Fue entonces cuando Arkady comprendió con qué fin había sido construido y consagrado el Templo Obscura. Refutar todo cuanto los Garou tenían en alta estima: era la contrapartida y completa negación del amado Registro de Plata. Aquél era el agujero por el que las historias salían del mundo.
No hubiera podido decir cuánto tiempo permaneció allí, contemplando hipnotizado el juego de las sombras frente a sus ojos mientras los últimos recuerdos de valientes conquistas y cobardes traiciones —cuentos que habían definido a su pueblo y le habían dado sentido a sus esfuerzos, sus sacrificios— abandonaban el mundo.
Él era el último testigo mudo, una audiencia de uno solo. Como si el curso entero de la historia no fuera más que un espectáculo de sombras chinescas desarrollado para su beneficio privado. No podía apartarse de él. Lo mantenía allí, paralizado y tembloroso. Apenas se atrevía a respirar o incluso a pestañear, no fuera a perderse algo en aquella fracción de segundo que nunca pudiera volver a ser recuperado.

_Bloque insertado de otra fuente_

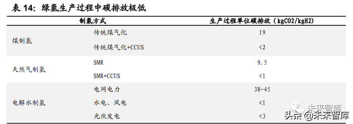 绿氢制造过程中碳排放量极低,可充分助力“双碳”目标的实现。根据测算, 化石能源制氢由于利于含碳元素作为原料,不可避免地会产生碳排放,而绿氢 利用水电、风电以及光伏等可再生能源及水作为原料,可实现超低碳排的制氢 效果。其中水电电解水制氢的单位碳排放<1 kg CO2/kg H2,光伏发电则<3 kg CO2/kg H2。在面临“碳达峰”“碳中和”需求下,绿氢是最具可持续性且接近 于无碳排放的选择。
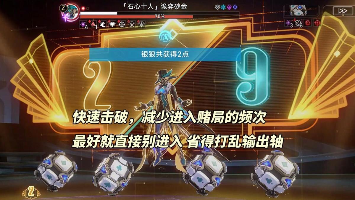 ②「石心十人」诡弈砂金,血量高达201万,喜欢邀你入赌局,扣你能量、骗你伤害、浪费增益、吞你回合。相应的快速击破,能够减少他烦人机制的发起频率,留给你更舒适的输出空间。
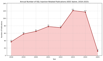 Figure 2. Annual Number of SQL Injection-Related Publications (IEEE Xplore, 2018–2025)
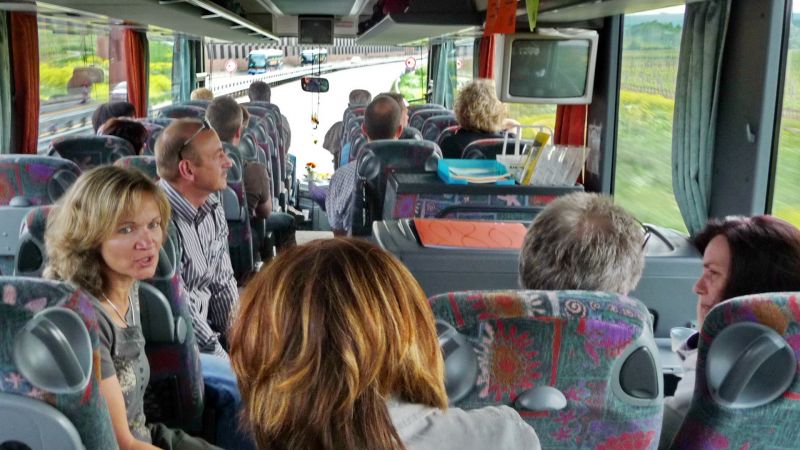 Der Wettergott hatte während der gesamten Reise ein Einsehen, so dass wir die Regenschirme nicht wirklich benutzen mussten. Erst zum Reiseschluss, als wir die Grenze zum Saarland passierten, öffnete der Himmel seine Schleusen, deshalb kam auch nicht jeder trockenen Fußes nach Hause.
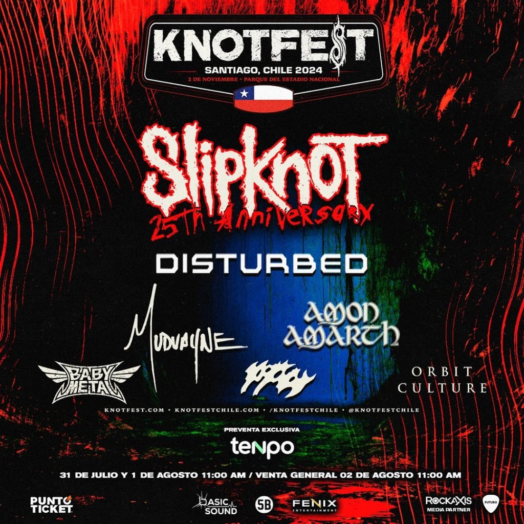 Knotfest 2024, tendrá como anfitriones a Slipknot, junto a un poderoso cartel de artistas compuesto por Disturbed, Mudvayne, Amon Amarth, BabyMetal, Orbit Culture y Poppy. Los chilenos en tanto, estarán representados por las destacadas bandas Rama y Mawiza.

Sentía lágrimas calientes en la cara. Hubiera podido gritar con todas sus fuerzas. Pero a pesar de sus súplicas, no había pausa en el proceso de condenación de imágenes y canciones. No era su propia vida, sino las vidas de incontables otros las que se encendían con un último parpadeo delante de sus ojos y a continuación desaparecían. Perdidas para siempre.
Echó la cabeza atrás y lanzó un aullido y, desde algún lugar de la oscuridad que se extendía frente a sí, su grito recibió respuesta. No un aullido de desafío, como había sido el suyo, por una orgullosa y noble tradición que se le estaba escapando a toda velocidad de entre los dedos. El sonido que volvió a él desde la oscuridad era como un eco absurdo. Un pequeño sollozo roto. En la voz de una niña pequeña, perdida y sin esperanza de encontrar jamás el camino de regreso a la luz.

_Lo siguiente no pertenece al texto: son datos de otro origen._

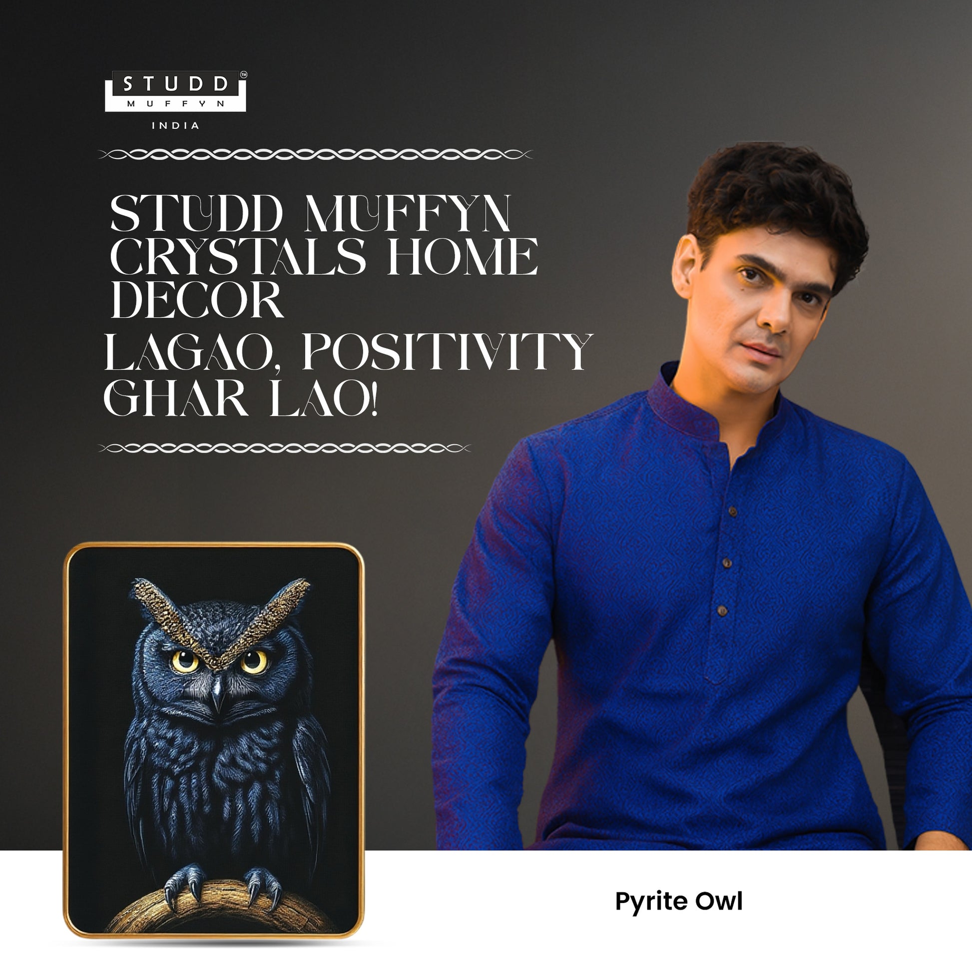 Summon the wisdom of the ages and the wealth of the Earth into your space with Pyrite Owl – a captivating piece from the Studd Muffyn Crystal Safari, under the Studd Muffyn Crystal Homes Series. This majestic owl, rendered in rich detail and thoughtful design, stands as a symbol of intuition, insight, and ancient knowing.
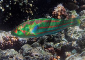 An example of a family of fish that is widely known for their highly varied and bright coloration are the Labridae (wrasses) and Scaridae (parrotfish).[4] These fishes are known to possess all of the above pigments in different ratios depending on where they live in relation to the coral reef environment. Different wavelengths, and thus different colors, travel differently and therefore appear differently depending on the depth of the water and the things on which they are reflecting.[4]
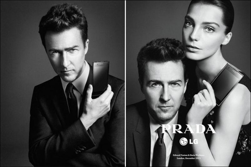 Строгий Нортон хорошо вписался в концепцию рекламной кампании: стильно, дорого, минималистично. Компанию голливудской звезде составила канадско-украинская модель Дарья Вербова. LG Prada продается до сих пор, правда его технические характеристики немного устарели – OC Android версии 2.3 и сравнительно невысокое разрешение экрана 480 на 800 точек.
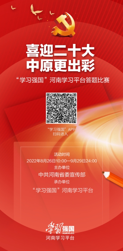 为深入学习贯彻习近平新时代中国特色社会主义思想,营造喜迎党的二十大胜利召开的良好舆论氛围,引导广大党员师生运用“学习强国”学习平台开展理论知识学习,由中共河南省委宣传部主办、“学习强国”河南学习平台承办的“喜迎二十大、中原更出彩”“学习强国”河南学习平台答题比赛已正式上线。结合学校实际,现将具体事项通知如下。
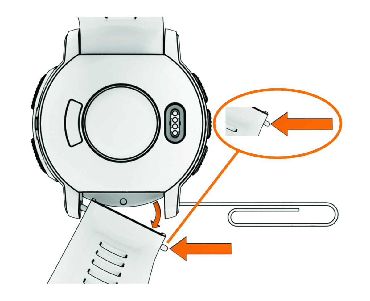 - QuickFit 22 밴드를 설치하려면, Instinct Crossover 밴드에서 시계 핀을 제거하고 이를 시계에 설치한 다음 새로운 밴드를 눌러서 끼웁니다.
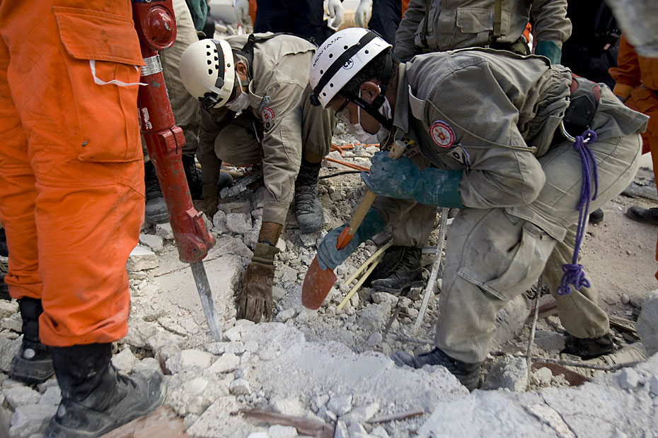 1月16日,海地首都太子港,中國國際救援隊在聯(lián)海團總部對遇難者進行搜尋工作。此前八名中方失蹤人員的遺體已全被找到。圖片來源:中國新聞網(wǎng)
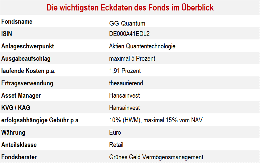 Die Grünes Geld Vermögensmanagement hat zusammen mit der Service-Kapitalverwaltungsgesellschaft Hansainvest den Aktienfonds GG Quantum aufgelegt – Details unten. Das Portfolio soll privaten und institutionellen Anlegern ermöglichen, gezielt in Unternehmen aus dem Bereich Quantentechnologie zu investieren. Das geht aus einer Pressemitteilung hervor. Für den Vertrieb des Fonds ist die Vertriebsgesellschaft Punica Invest zuständig, an der die Hansainvest beteiligt ist.
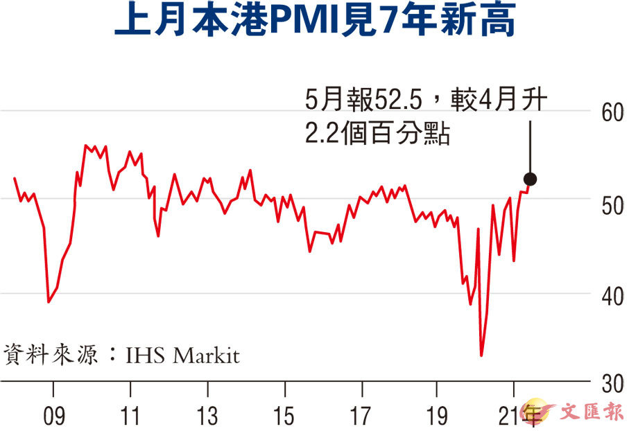 本港營商環境進一步好轉,IHS Markit昨公布,香港5月採購經理指數(PMI)報52.5,創2014年2月以來新高,較4月時50.3上升2.2,顯示營商環境連續第四個月好轉。本港防疫措施在4月底進一步放寬,明顯對香港私營經濟在5月份表現有正面效應,雖仍有個別企業持續受新冠肺炎疫情影響,但產出量增長率亦見2018年2月以來最快。有廠商亦表示,明顯感受到消費者「手鬆驉v,相信疫情影響已到了尾聲,今年會繼續加大投資。●香港文匯報記者 莊程敏
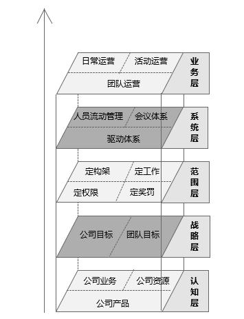 我们所做的一切工作都是围绕战略层的目标来进行的,那么日常运营工作也不例外,所以在此又延伸了两个层面的工作,分别为:以公司目标为导向的日常运营、以团队为目标的日常运营。
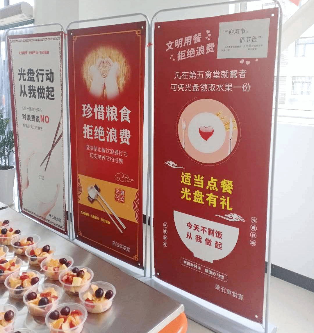 ——加強宣傳力度,營造濃厚氛圍。充分利用橫幅標語、海報掛圖、公告欄和微信公眾號等媒介,多種形式宣傳制止餐飲浪費,讓節(jié)約教育在全校食堂隨處可見,著力引導廣大師生培養(yǎng)健康文明的餐飲文化和勤儉節(jié)約的良好道德風尚。以開學為契機,把勤儉節(jié)約教育融入到文明就餐、光盤行動等活動中,引導學生樹立正確的世界觀、人生觀、價值觀。加強先進典型的正面宣傳,發(fā)揮榜樣示范作用,對浪費行為開展反面警示教育,加大對浪費行為的糾正力度。
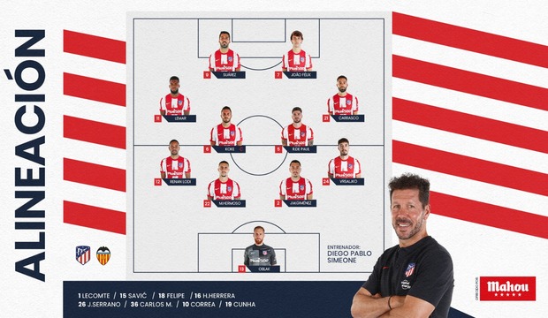 Ya conocemos las alineaciones titulares para el Atleti-Valencia
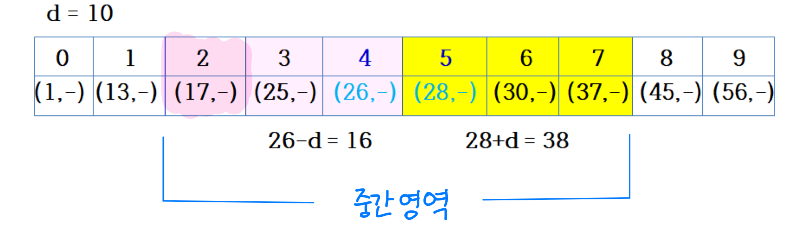 2. 왼쪽과 오른쪽의 최근접 쌍의 거리 중 더 작은 수를 선택한다 (10). 왼쪽 부분의 가장 오른쪽 점인 4번 기준으로 10 만큼 거리의 점들을 중간영역으로 포함시킨다. 오른쪽도 동일하게 진행한다.

Arkady reconoció la voz al instante y la sorpresa logró llegar hasta su interior y lo obligó a apartar la mirada del muro del Templo Obscura.
—Sara —exclamó—. Sara, ¿dónde estás?
La vocecilla se convirtió en un gemido y a continuación quedó en silencio. Arkady volvió a adquirir su forma lupina. El frente de tormenta volvía a estar delante de él y se movió do costado para alejarse de su furia. Podía descargar en cualquier momento y no quería verse atrapado en el diluvio.

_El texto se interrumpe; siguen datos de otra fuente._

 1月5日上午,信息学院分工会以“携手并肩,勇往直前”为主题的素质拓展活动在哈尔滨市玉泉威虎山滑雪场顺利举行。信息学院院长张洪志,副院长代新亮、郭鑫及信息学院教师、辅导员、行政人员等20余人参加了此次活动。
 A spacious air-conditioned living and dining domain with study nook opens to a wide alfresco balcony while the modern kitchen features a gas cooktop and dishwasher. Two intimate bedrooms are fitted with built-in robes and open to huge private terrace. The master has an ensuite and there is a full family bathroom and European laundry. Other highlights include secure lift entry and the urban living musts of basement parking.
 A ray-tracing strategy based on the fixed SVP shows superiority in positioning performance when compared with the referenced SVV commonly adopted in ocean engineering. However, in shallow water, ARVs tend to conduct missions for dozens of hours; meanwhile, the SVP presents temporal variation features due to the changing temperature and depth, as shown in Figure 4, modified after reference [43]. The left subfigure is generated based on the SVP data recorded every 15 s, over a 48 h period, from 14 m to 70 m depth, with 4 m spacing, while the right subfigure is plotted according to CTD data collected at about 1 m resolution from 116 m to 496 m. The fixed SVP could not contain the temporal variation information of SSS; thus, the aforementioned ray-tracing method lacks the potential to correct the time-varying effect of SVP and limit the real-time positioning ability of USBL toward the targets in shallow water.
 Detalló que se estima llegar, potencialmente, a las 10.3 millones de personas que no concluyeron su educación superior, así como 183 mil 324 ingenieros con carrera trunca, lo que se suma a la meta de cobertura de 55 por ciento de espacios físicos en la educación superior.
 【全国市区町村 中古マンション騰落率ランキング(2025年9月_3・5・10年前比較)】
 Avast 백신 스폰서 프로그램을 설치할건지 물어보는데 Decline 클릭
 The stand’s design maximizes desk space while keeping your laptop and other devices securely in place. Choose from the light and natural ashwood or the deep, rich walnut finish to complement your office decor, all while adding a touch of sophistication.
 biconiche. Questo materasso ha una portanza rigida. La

Su aguzado oído no tuvo dificultades para captar el sonido de unos sollozos contenidos y se dirigió hacia él a la carrera. Volvió a llamar a la niña, pero esta vez su voz fue una serie de rápidos e imperiosos ladridos, las eficientes señales de una manada que se dispersa para buscar al cachorro perdido. Una parte lejana y humana de su mente se encogió al escuchar el sonido, consciente de que sólo lograría asustar aún más a la niña.
Seguía aún muy lejos pero costaba decir si con su carrera se estaba acercando a su posición o meramente a un lugar en el que los ecos de sus gritos estuvieran rebotando en uno de los muros. Arkady no podía más que confiar en que se estuviera acercando y no alejando.
Al poco tiempo, se encontró cambiando de dirección, primero hacia un lado, luego hacia otro. En ocasiones, el puntito lejano de luz que suponía que era el lago de fuego (y no sólo una imagen irreal que se proyectaba sobre su retina) estaba a su derecha; otras veces parecía estar delante de él o incluso a su izquierda. Con una sensación de desaliento en el estómago, se dio cuenta de que no había razones para dar por hecho que existiera sólo una fuente de luz en el Templo Obscura. Las luces que había avistado podían provenir de varias direcciones diferentes, podían ser antorchas o fogatas o reflejos de la lejana luz del sol colándose por alguna grieta del techo. Puede que el templo fuera tan gigantesco que no contuviera uno, sino varios lagos ardientes. Volvió a recordar la leyenda de las veinte mil lámparas de luz funesta que jalonaban el interior del templo y maldijo en voz alta.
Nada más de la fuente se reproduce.